**TASK GOAL**: For every entry, reproduce the wording exactly and omit any image it holds.
━━━━━━━━
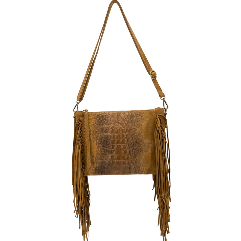 (1e) Your Bag Heaven Dark Tan Leather Suede Clutch Crossbody Shoulder Bag
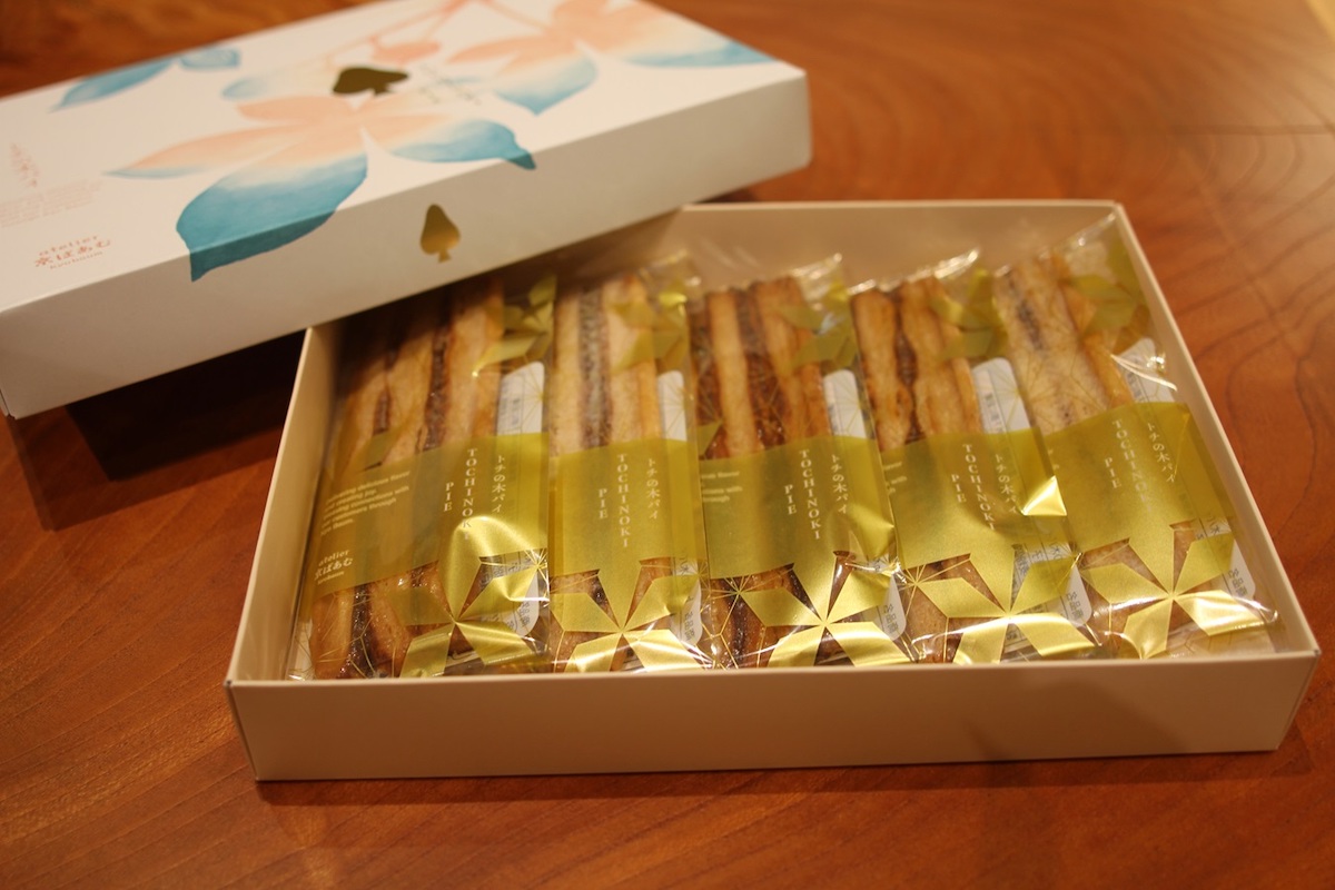 「トチの木パイ」1枚378円、5枚入1890円は、「atelier京ばあむ」のシンボルである「トチの木」をイメージして作られたパイ。サクッと食感に、香ばしいバターの香りが広がり、お茶請けにもぴったりです。
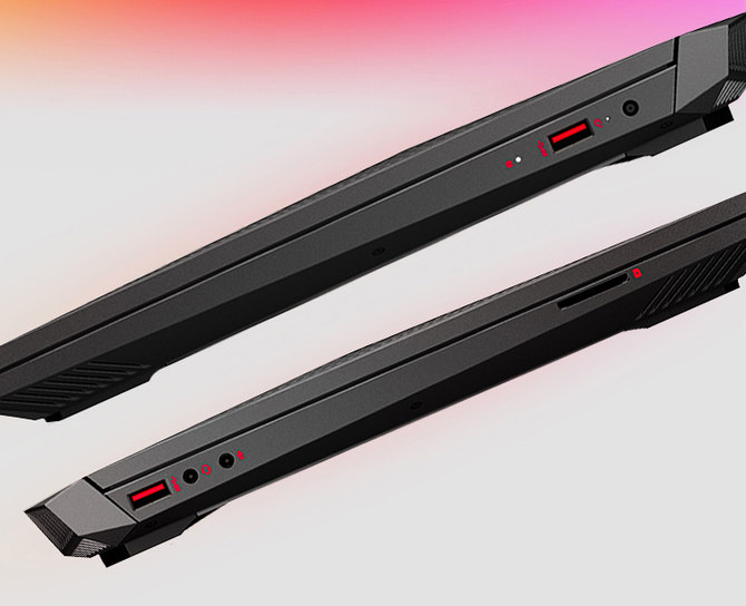 在接口方面,我们常见的游戏本大多把接口设计在机身两侧,尤其是在机身的右侧,如果同时外接很多设备,就会影响右手的操作,桎梏不流畅。惠普暗影精灵5在机身的左右侧提供了较为常用的USB 3.1 Gen1,耳麦/麦克风双接口,SD读卡器,而主要的接口都集中在机身后部,包括RJ45有线网络、HDMI、mini DP接口、雷电3接口和1个USB 3.1 Gen1接口,这些接口也都是用于连接常用的设备,所以由此可见惠普暗影精灵5在接口的设计上是非常用心贴近消费者需求的。
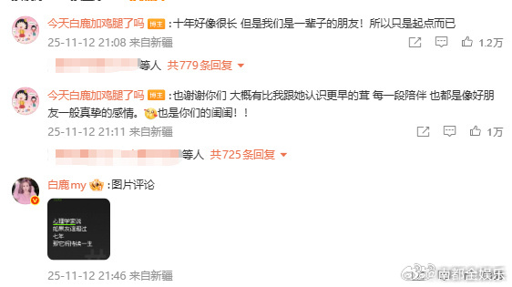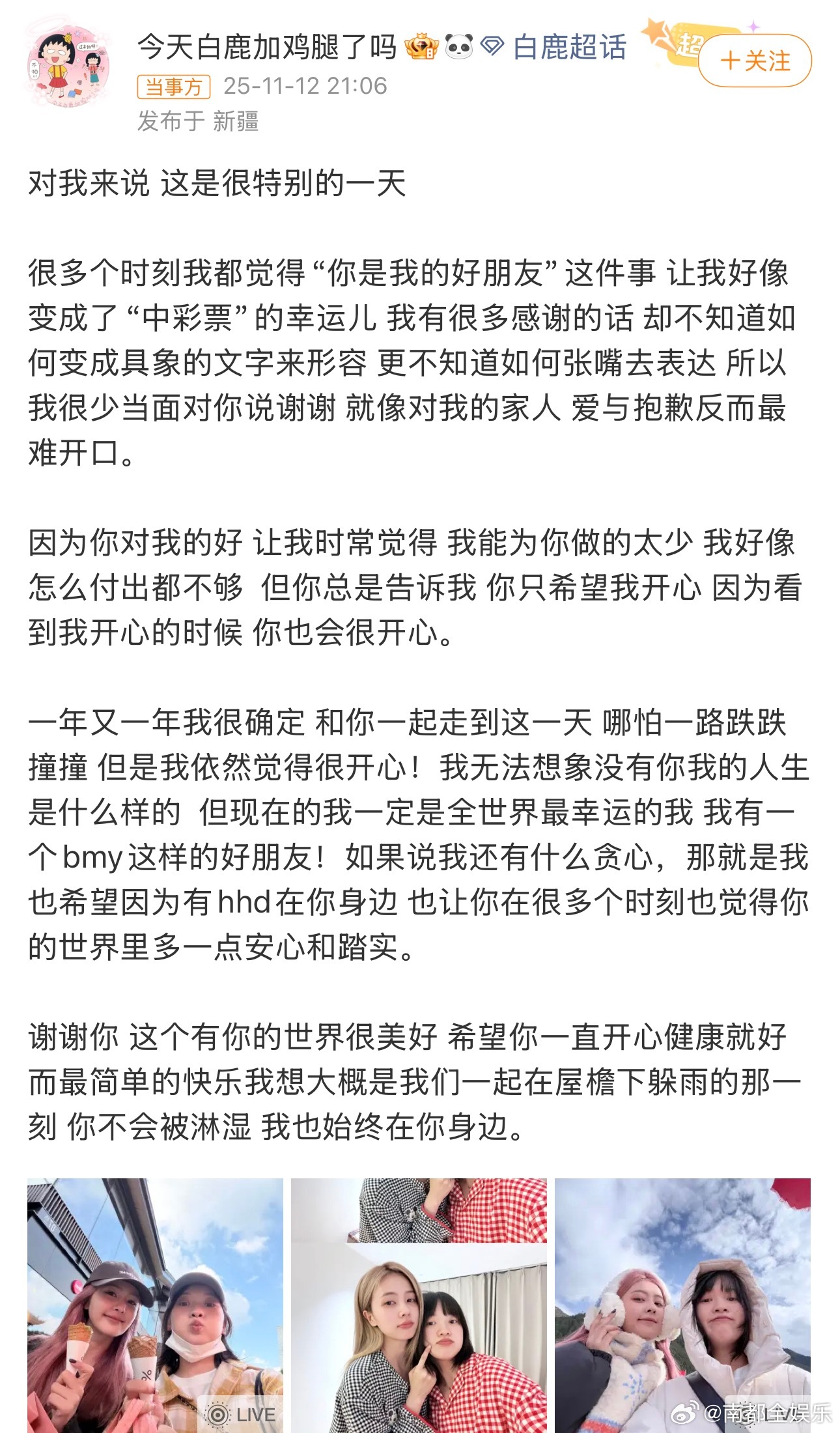 12日晚, 晒与助理呵呵合照,并配文庆祝友谊十周年。随后,呵呵也发长文感谢白鹿,表示跟白鹿做好朋友如同中彩票一样,“我无法想象没有你我的人生是什么样的”。白鹿评论:“心理学家说如果友谊超过七年,那它将持续一生。”陪着白鹿一路从小演员到大明星,呵呵和白鹿就是最好的家人!
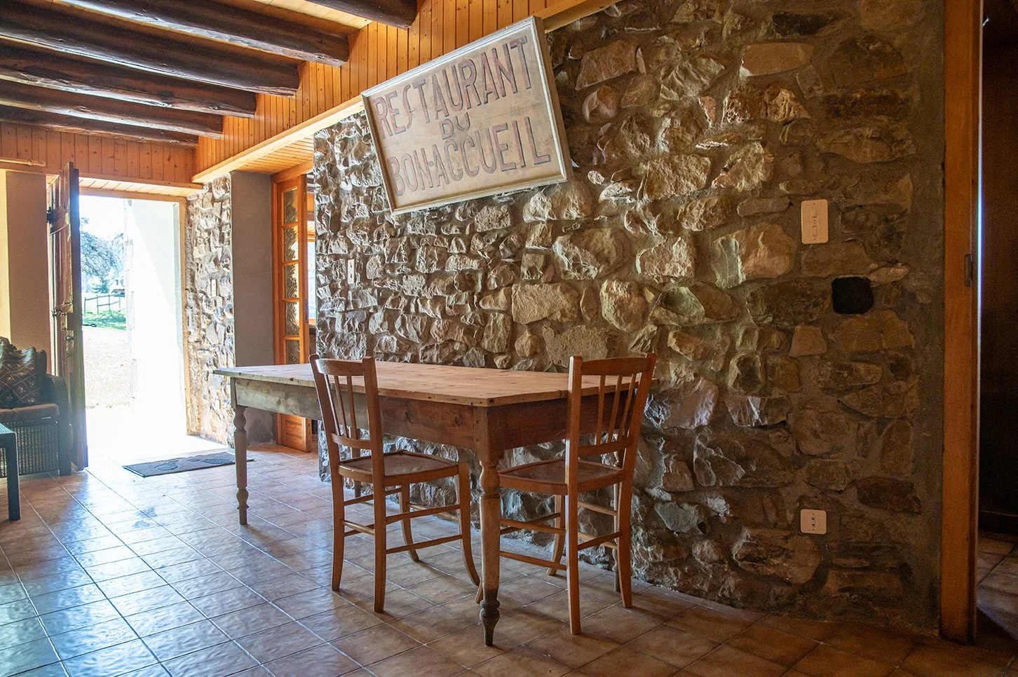 Au rez-de-chaussée, se trouve une cuisine équipée, un salon-salle à manger avec cheminée foyer fermé exposé sud-ouest
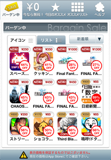 アプリを開くと、現在期間限定で値引きされているアプリのアイコンが表示されます。アイコン表示・リスト表示が可能で、新着順・割引額順・割引率順…などで表示する順番を変えることもできますよ。ただし、表示されている価格はこのアプリでは保証されていないので、気になるものがあったら、App Storeにアクセスして価格を確かめてくださいね。
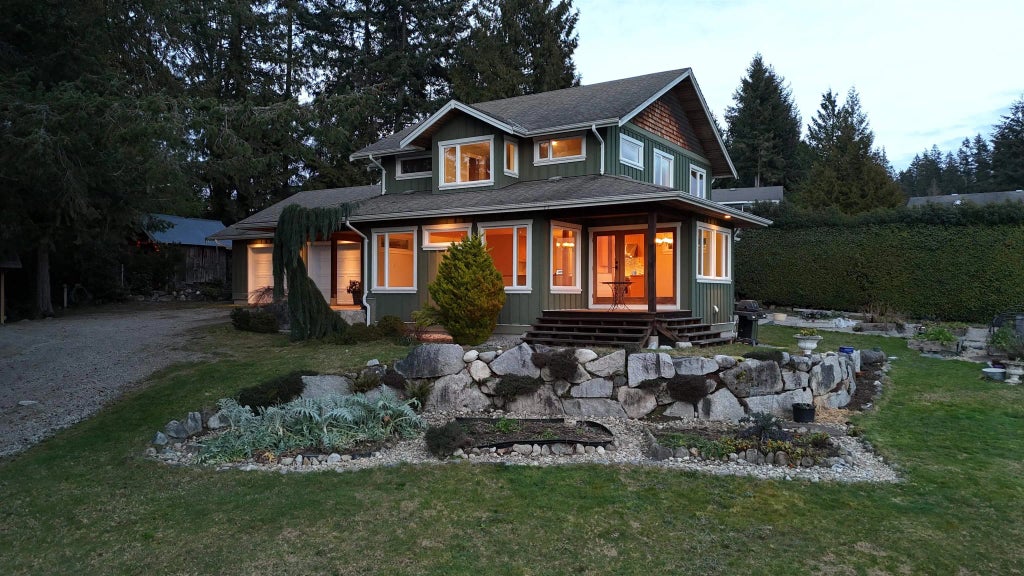 Watch the cruise ships & sunsets from this exclusive view acreage in Davis Bay. Sweeping southwesterly aspect over Strait of Georgia from both floors in a well built custom home. Beautiful edge-grain fir and stone flooring throughout leading into a lovely gourmet kitchen outfit with a dual Wolf range & vent, granite counters and large island. Entertain in the open concept with living and dining areas positioned to enjoy views. The large gently sloping property has a greenhouse and irrigation allowing for a gardener's imagination yet still enjoys privacy in this fenced property. 4 bedroom main home with a 2 bedroom old timer cottage with recent work on the exterior allows for extended family or revenue helper. Subdivision potential makes for a great investment and value.
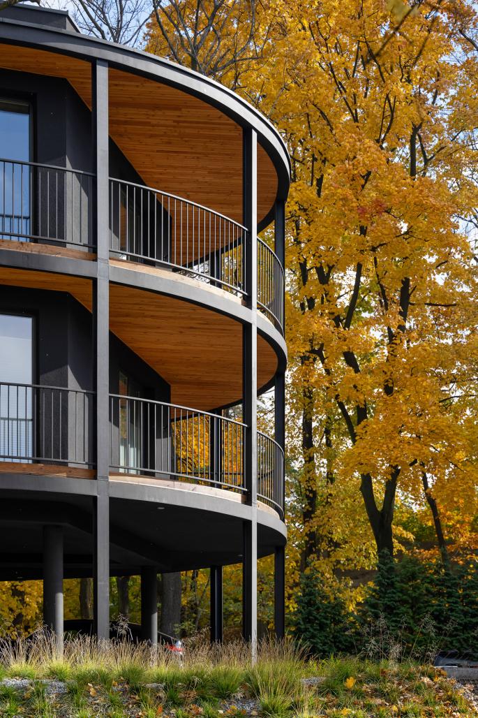 The unique context of the place and the potential negative consequence of implementing a new tissue in this unique area meant that the decision to shape a new building was not easy and had to refer directly to these guidelines, not compete with them, and "respond" to the environment with its uniqueness in a contemporary way. The task was even more difficult as the budget was limited and the investor's expectations were high. The idea and shape of the building resulted directly from the irregular polygonal shape of the area intended for development and the idea of leaving the largest possible tree stand on the plot. Such a simple inspiration has become the basic guideline for shaping the building. Creating the form step by step, first of all: the solid was formed in accordance with the function of the apartments, optimizing their function into the shape of an irregular polygon. Then, a perimeter line was marked along the plot boundaries and the block of flats was surrounded with balconies to obtain a panoramic opening to the surroundings. Due to the acute angles (foreign in the context), it was decided to round the corners, referring to the character of the interwar villas in the neighborhood, tree crowns and the surrounding greenery. In the next step, to open the view to the surroundings, the block was dressed in wooden viewing terraces with various surfaces around it, an internal break in the form was introduced by implementing a patio to illuminate the internal parts of the apartments (bathrooms and entrance areas to the apartments) and the floor of the residential part was raised by one level, leaving undeveloped ground floor as a space for social interactions of residents and additional external functions. The building formed in this way received unique features in the form of large terraces, from which you can enjoy the charms of the surroundings, and full integration with nature due to the proximity of trees and additional lighting in the patio. In the last step, the rhythm of the elevation was shaped. Vertical divisions of the façade were introduced, creating expressive regular squares arranging the freely formed volume of the building. It was ensured that the division of the facade and its rhythm were equal and did not have anomalies in the form of extensions or additional elements.
━━━━━━━━
**SOLUTION BELOW**:
 (1e) Your Bag Heaven Dark Tan Leather Suede Clutch Crossbody Shoulder Bag
 「トチの木パイ」1枚378円、5枚入1890円は、「atelier京ばあむ」のシンボルである「トチの木」をイメージして作られたパイ。サクッと食感に、香ばしいバターの香りが広がり、お茶請けにもぴったりです。
 在接口方面,我们常见的游戏本大多把接口设计在机身两侧,尤其是在机身的右侧,如果同时外接很多设备,就会影响右手的操作,桎梏不流畅。惠普暗影精灵5在机身的左右侧提供了较为常用的USB 3.1 Gen1,耳麦/麦克风双接口,SD读卡器,而主要的接口都集中在机身后部,包括RJ45有线网络、HDMI、mini DP接口、雷电3接口和1个USB 3.1 Gen1接口,这些接口也都是用于连接常用的设备,所以由此可见惠普暗影精灵5在接口的设计上是非常用心贴近消费者需求的。
 12日晚, 晒与助理呵呵合照,并配文庆祝友谊十周年。随后,呵呵也发长文感谢白鹿,表示跟白鹿做好朋友如同中彩票一样,“我无法想象没有你我的人生是什么样的”。白鹿评论:“心理学家说如果友谊超过七年,那它将持续一生。”陪着白鹿一路从小演员到大明星,呵呵和白鹿就是最好的家人!
 Au rez-de-chaussée, se trouve une cuisine équipée, un salon-salle à manger avec cheminée foyer fermé exposé sud-ouest
 アプリを開くと、現在期間限定で値引きされているアプリのアイコンが表示されます。アイコン表示・リスト表示が可能で、新着順・割引額順・割引率順…などで表示する順番を変えることもできますよ。ただし、表示されている価格はこのアプリでは保証されていないので、気になるものがあったら、App Storeにアクセスして価格を確かめてくださいね。
 Watch the cruise ships & sunsets from this exclusive view acreage in Davis Bay. Sweeping southwesterly aspect over Strait of Georgia from both floors in a well built custom home. Beautiful edge-grain fir and stone flooring throughout leading into a lovely gourmet kitchen outfit with a dual Wolf range & vent, granite counters and large island. Entertain in the open concept with living and dining areas positioned to enjoy views. The large gently sloping property has a greenhouse and irrigation allowing for a gardener's imagination yet still enjoys privacy in this fenced property. 4 bedroom main home with a 2 bedroom old timer cottage with recent work on the exterior allows for extended family or revenue helper. Subdivision potential makes for a great investment and value.
 The unique context of the place and the potential negative consequence of implementing a new tissue in this unique area meant that the decision to shape a new building was not easy and had to refer directly to these guidelines, not compete with them, and "respond" to the environment with its uniqueness in a contemporary way. The task was even more difficult as the budget was limited and the investor's expectations were high. The idea and shape of the building resulted directly from the irregular polygonal shape of the area intended for development and the idea of leaving the largest possible tree stand on the plot. Such a simple inspiration has become the basic guideline for shaping the building. Creating the form step by step, first of all: the solid was formed in accordance with the function of the apartments, optimizing their function into the shape of an irregular polygon. Then, a perimeter line was marked along the plot boundaries and the block of flats was surrounded with balconies to obtain a panoramic opening to the surroundings. Due to the acute angles (foreign in the context), it was decided to round the corners, referring to the character of the interwar villas in the neighborhood, tree crowns and the surrounding greenery. In the next step, to open the view to the surroundings, the block was dressed in wooden viewing terraces with various surfaces around it, an internal break in the form was introduced by implementing a patio to illuminate the internal parts of the apartments (bathrooms and entrance areas to the apartments) and the floor of the residential part was raised by one level, leaving undeveloped ground floor as a space for social interactions of residents and additional external functions. The building formed in this way received unique features in the form of large terraces, from which you can enjoy the charms of the surroundings, and full integration with nature due to the proximity of trees and additional lighting in the patio. In the last step, the rhythm of the elevation was shaped. Vertical divisions of the façade were introduced, creating expressive regular squares arranging the freely formed volume of the building. It was ensured that the division of the facade and its rhythm were equal and did not have anomalies in the form of extensions or additional elements.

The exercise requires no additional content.